By Kelly Wyness, Associate Technical Director, Natural Power
As the draft National Planning Framework 4 (NPF4) is now the subject of public consultation and parliamentary scrutiny until 31 March 2022, we’re turning our attention to paving the way for future plans and supporting clients to adopt good practice when it comes to securing consent for new renewable energy projects by supporting with early-stage intervention that will help inform project design from the outset.
If adopted, NPF4 will dictate the Scottish Government’s priorities and policies for the planning system and how our approach to planning and development will help to achieve a net zero, sustainable Scotland by 2045.
To quote Tom Arthur MSP, Minister for Public Finance, Planning and Community Wealth: “The challenges that we are facing today demand a change in the way we plan our places for tomorrow.
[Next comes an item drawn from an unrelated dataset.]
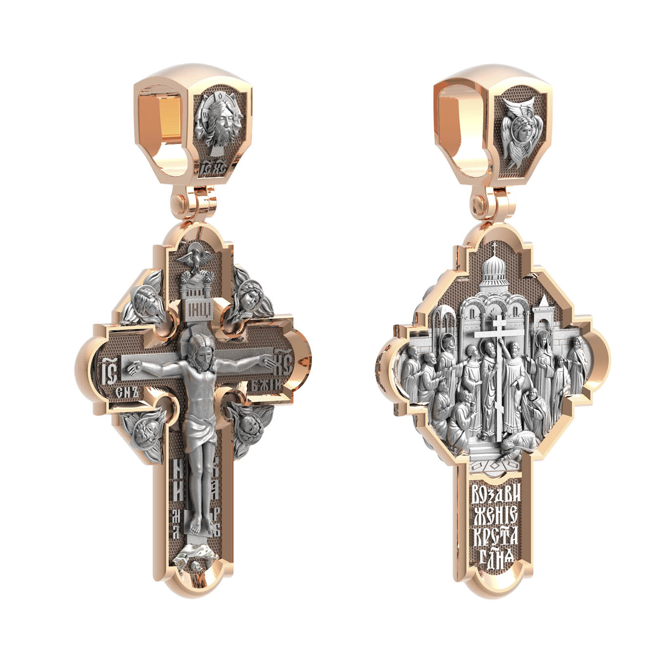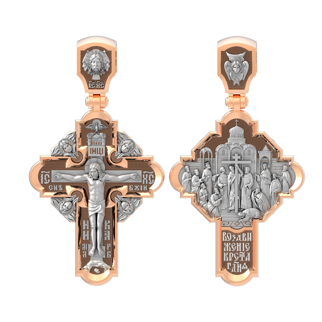 На оборотной стороне креста изображена икона Воздвижение Честного и Животворящего Креста Господня. Равноапостольный царь Константин пожелал построить храмы Божии на священных для христиан местах в Палестине и найти Крест, на котором был распят Спаситель. Исполнить желание царя взялась, с великою радостью, его мать, св. равноапостольная царица Елена. Крест был обретен в 326 году около горы Голгофы в Иерусалиме. C VII века с этим днём стали соединять память о возвращении Животворящего Креста из Персии византийским императором Ираклием (629). Праздник называется Воздвижением Креста, потому что и при обретении, и при возвращении Креста патриарх Макарий поднимал (Воздвигал) крест три раза, чтобы все могли его видеть. Народ же, видя Крест Спасителя, кланялся и восклицал: «Господи, помилуй!». Св. равноапостольные цари Константин и Елена, над местом страданий, погребения и воскресения Иисуса Христа построили обширный и великолепный храм в честь Воскресения Христова. На кулонном кольце изображен шестикрылый Ангел — Серафим.

As we recover from the pandemic, we have an opportunity to work towards net zero in a way which also tackles longstanding challenges and inequalities. We will need to future-proof places, be more innovative, and involve a wider range of people in planning. A shared spatial strategy can enable the investment and development that we will need, but we must do this in a way that benefits business and communities, our health and wellbeing and the environment. This will require us all to work collectively to ensure that decisions we make today are in the long-term public interest.”
From my perspective, there are two areas of particular interest in the framework. Policy 13 – Flood Risk, and Policy 33 – Soils.
Policy 13 highlights that “Developments should not be supported within the Future Functional Floodplain.” Essential infrastructure, which includes renewable energy installations, is an exception, but project developers are likely going to have to demonstrate that flood risk is assessed and mitigated for development proposals.
Local development plans should strengthen community resilience to the current and future impacts of climate change, including identifying opportunities to implement natural flood risk management and blue green infrastructure. Furthermore, plans should take into account the probability of flooding from all sources, and consideration should be given to flood-resistant and resilient materials and construction methods to ensure the ability to make future adaptations to accommodate the effects of climate change can be demonstrated.
Development proposals which create, expand or enhance opportunities for natural flood risk management and blue-green infrastructure should be supported. Working with forward thinking clients, Natural Power is at the forefront of integrating natural flood management solutions into development proposals that not only reduce the risk of flooding but provide additional biodiversity benefits and support carbon sequestration.
It is also worth highlighting Policy 33 which covers soils. The policy seems to be favourable for wind farm sites to be located on peatland, regardless of classification, if impacts on peat are appropriately assessed and restoration is considered. Proposals must include detailed assessments for managing the risk to this resource as well as demonstrating an understanding of the depth, conditions and stability of the peat and peatland to help inform the placement of infrastructure.
An established and accepted level of survey, assessment and reporting is already undertaken to support the development of projects. This clearly highlights the efforts undertaken by the renewable energy industry, at a site-specific level, to support the appropriate siting of infrastructure and development of mitigation and enhancement measures. This is highlighted in this peat guidance document that Natural Power co-authored last year with Marcus Trinick QC, Dr Andy Mills at East Point Geo and Dr Kate Massey of Alba Ecology, “Carbon-rich soils, deep peat and priority peatland habitat: expert views on project level assessment document: www.naturalpower.com/uk/news/news-post/industry-leading-peat-guidance-for-wind-farm-applications-co-authored-by-natural-power
As stated in the foreword, the discussion document brings together the collective knowledge of an experienced group of industry professionals working across the peatland EIA topics. It is intended to summarise the industry’s current approach to and understanding of peat habitat, peat soil and carbon assessment in support of wind farm applications.
Degraded peatlands emit more carbon than they remove and thus become a net source of greenhouse gases. With the planned scale for renewable energy development over the next 10 years the sector, working with the Scottish Government, has the potential to offer significant opportunities for peatland restoration at a scale that can help meet the 2030 75% reduction targets. It also worth highlighting that if considered accordingly, the potential opportunity and scale of restoration also can also support Policy 13 in the creation, expansion or enhancement of natural flood management.
Whilst there is plenty to think about, NPF4 is a positive move in the right direction for renewable energy projects. It recognises the vital work already underway by industry professionals whilst providing developers with a clear pathway, and undoubtedly, will make it easier to secure planning consent if the guidance is followed by providing a transparent framework for local authorities.